The C# code is partitioned in around 160 assemblies + a dozen of ASP.NET application. This ASP.NET presentation layer is relatively well abstracted from the rest of the code. Each of these ASP.NET applications references a large Core assembly made of 150K lines of C# code. This assembly is made of 144 namespaces. When viewing these namespaces with the NDepend Dependency Structure Matrix in indirect mode, almost all cells are black, meaning that each namespace directly or indirectly depends on all other namespaces (more on this here). In such situation, the term spaghetti code sounds appropriate. This situation is the results of many years of development without active care for dependencies and I have never seen any code base without such entangled code (see my post on NHibernate 2.0 code base for example).

 

This Core assembly contains code relative to all aspects and concerns of the business, but also some low level technical code such as persistence/logging/threading/authentification.... Also, the Core asssembly directly references most of others assemblies. A consequence of all these is that all the ASP.NET applications statically rely on the entire code base. Here is a quick diagram to summarize all this:

 

 

 

 

The Problems

 

Most of problems come from maintenance. It is very hard to know which part of the code is impacted when the code is refactored.
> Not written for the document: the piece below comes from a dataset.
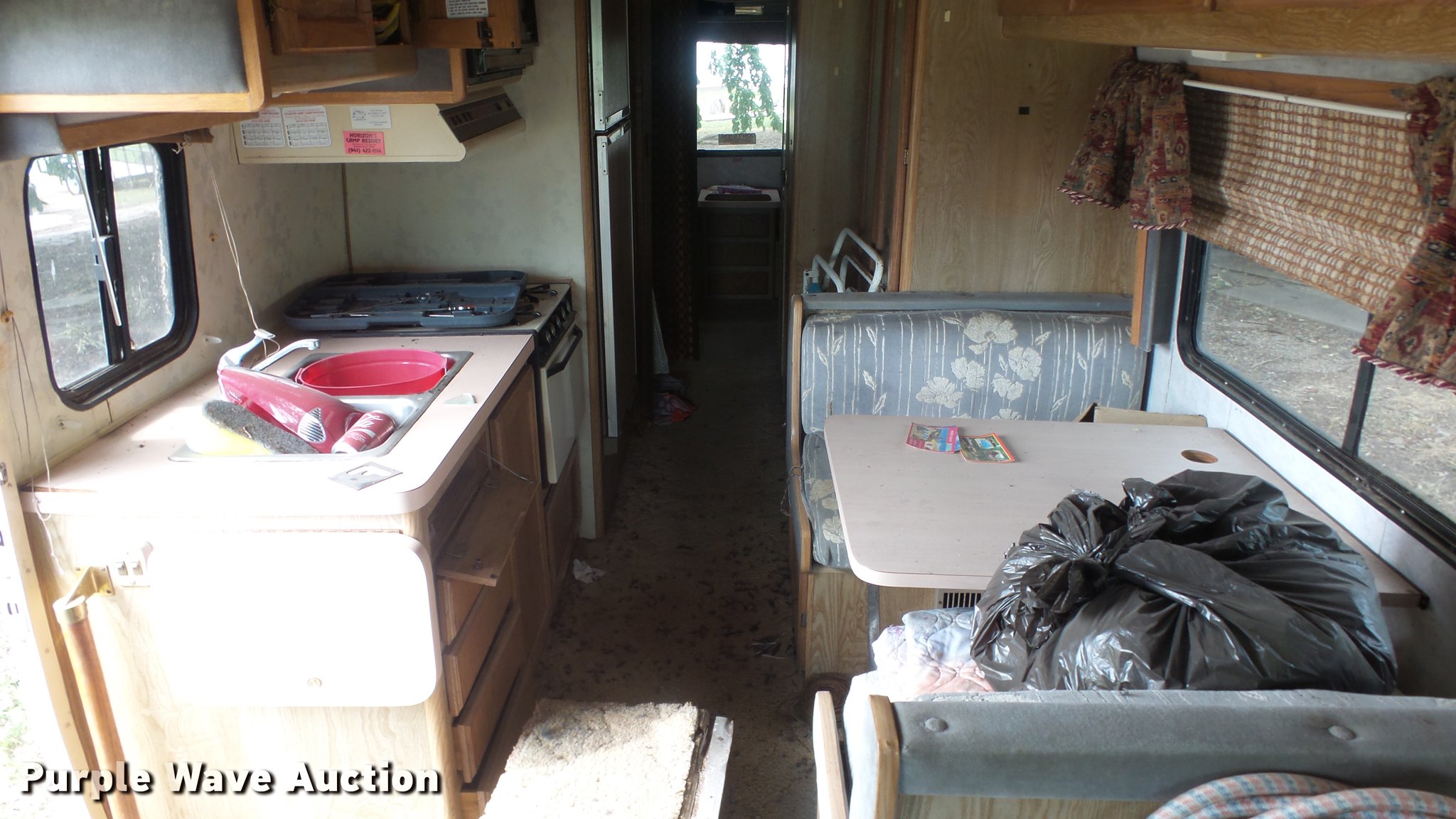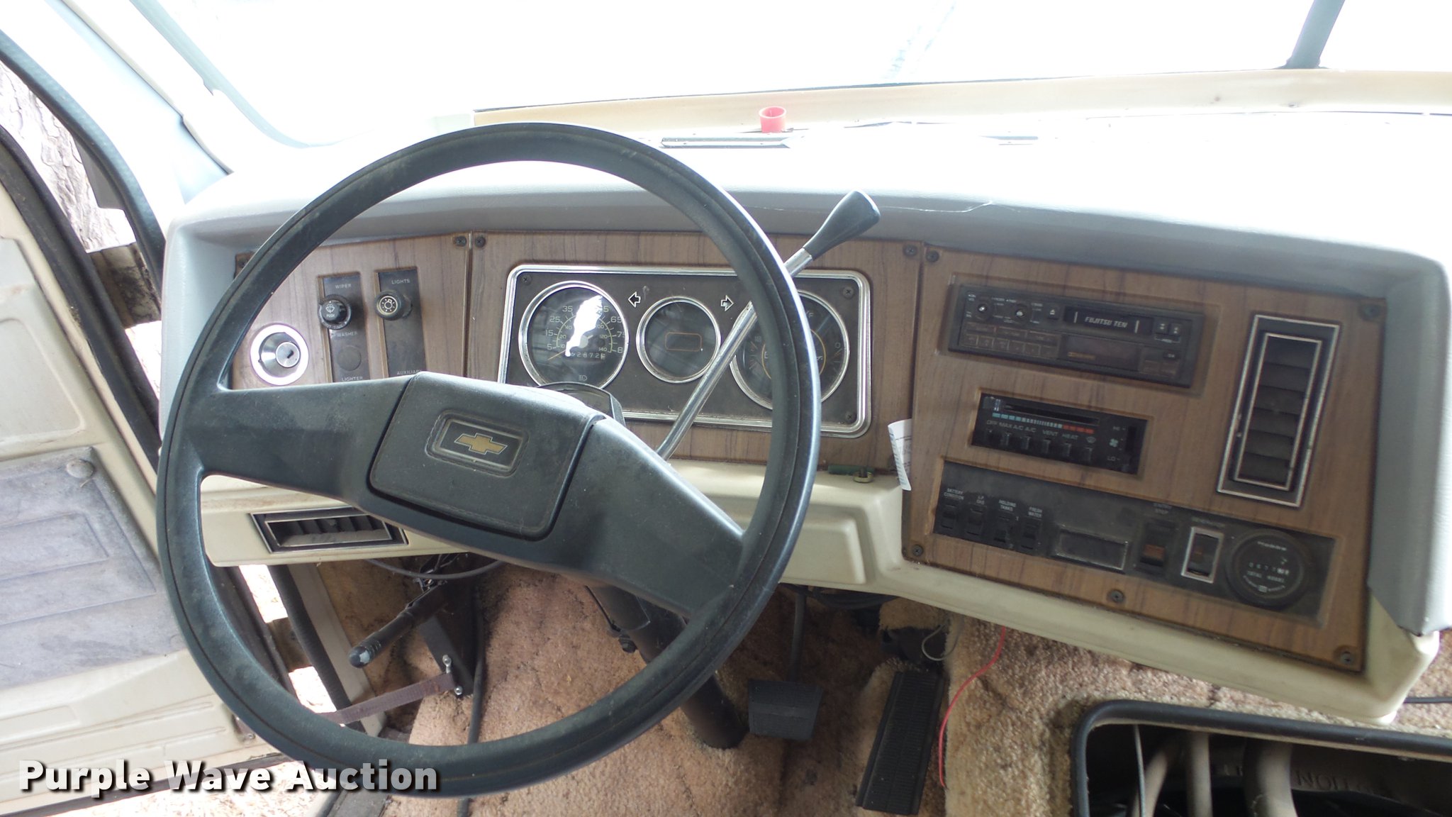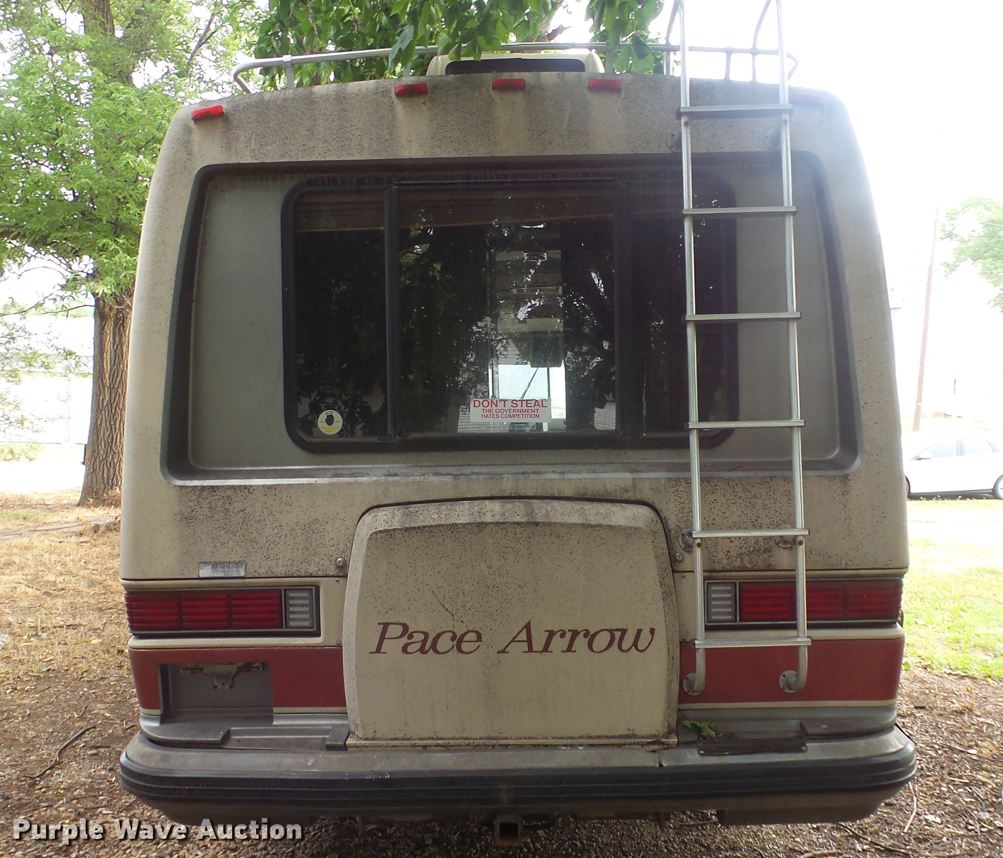 Purple Wave is selling a used RV in Kansas. This item is a 1988 Chevrolet Pace Arrow RV with the following: 62,872 miles on odometer, 7.4L V8 OHV 16V gas engine, Automatic transmission, AC and heat, AM/FM, Kitchen, Sink, Stove, Microwave, Refrigerator/freezer, Lavatory, Awning, Receiver hitch, 8R19.5 tires, Unknown operating condition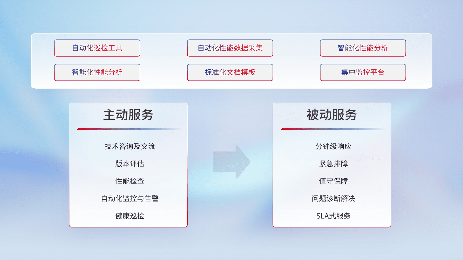 智能化工具和标准化文档,,,保障服务质量,,,提供主动服务(包含技术咨询、、、版本评估、、、、性能检查、、、、自动化监控与告警、、、、健康巡检)和被动服务包含(分钟级响应、、紧急排障、、、值守保障、、、、问题诊断解决、、SLA服务)。。。

Hopefully, the team have a set of automatic tests that help them avoiding regression (although I didn’t get an exact coverage ratio).

 

New feature development is also a problem because from the existing structure, developers have very few guidelines on how to structure new things. The complexity of the spaghetti code (some might say the entropy of the structure of the code base) increases with the time.

 

Last problem but not least, the team is facing over-complex deployment. The entire code base must be deployed for each ASP.NET application. This means some COM+ objects and ASP servers, but also this means some dangerous conflicts like J# code that must run on .NET v3.5 instead of .NET v2.0 for example. This is very unfortunate because each ASP.NET app represent a well defined vertical segment of the business that should be vertically implemented by only a fraction of the code base.

 

 

First thing to do : Levelize Namespaces

 

In this context, the first goal for the architects is to re-structure the code of the Core assembly in order to get a namespaces’ structure layered/levelized. In other words, they need to get rid of dependencies cycles.

 

They also need to re-partition types accross namespaces to better match the vertical separation of business segment. I carefully used the terms re-structure and re-partition and not the term refactor. Indeed, the bulk of the work will consists here in working on type declarations, by inversing some dependencies thanks to the dependency inversion/inversion of control principle, by moving some types from one namespace to another, by creating interfaces to avoid direct dependency on implementations, by creating or discarding some namespaces, by eventually splitting complex classes into simpler smaller classes. Ideally, during this levelization phase, they will change very few logic inside the bodies of the methods. By doing so, they will thus limit the risk of regression bugs introduced, they will limit the need to re-write some existing automatic tests and even more important, they won’t disturb too much current developments.

 

At first glance the levelization phase often seems more daunting than what it is. My theory is that while coding, developers instinctively know that creating a dependency from low-level to high-level code is bad. For example a case study of how we levelized the 15 root namespaces of the VisualNDepend assembly (around 25K LoC at that time) can be found in this article in the section Getting rid of dependency cycles: a case-study. It took us only 3 days.

 

In their particular case, the Core assembly is 50% made of business code and 30% made of persistence code. Although business and persistence code are using each others, the NDepend Dependency Structure matrix clearly shows that there is much more static dependencies from business to persistence than the opposite. The reason is that developers instinctively know that the business is higher level code than the persistence code. This instinct however is not strong enough to prevent all dependencies from the persistence code to the business code. For this reason, each time the architects will get rid of a problematic dependency, they will create a CQL rule to make sure the dependency won’t reappears. In this particular example the rule will look like:

 

  WARN IF Count > 0 IN 
  SELECT NAMESPACES FROM ASSEMBLIES "Product.Core" 
  WHERE NameLike "Product.DB" AND IsDirectlyUsing "Product.Business.*"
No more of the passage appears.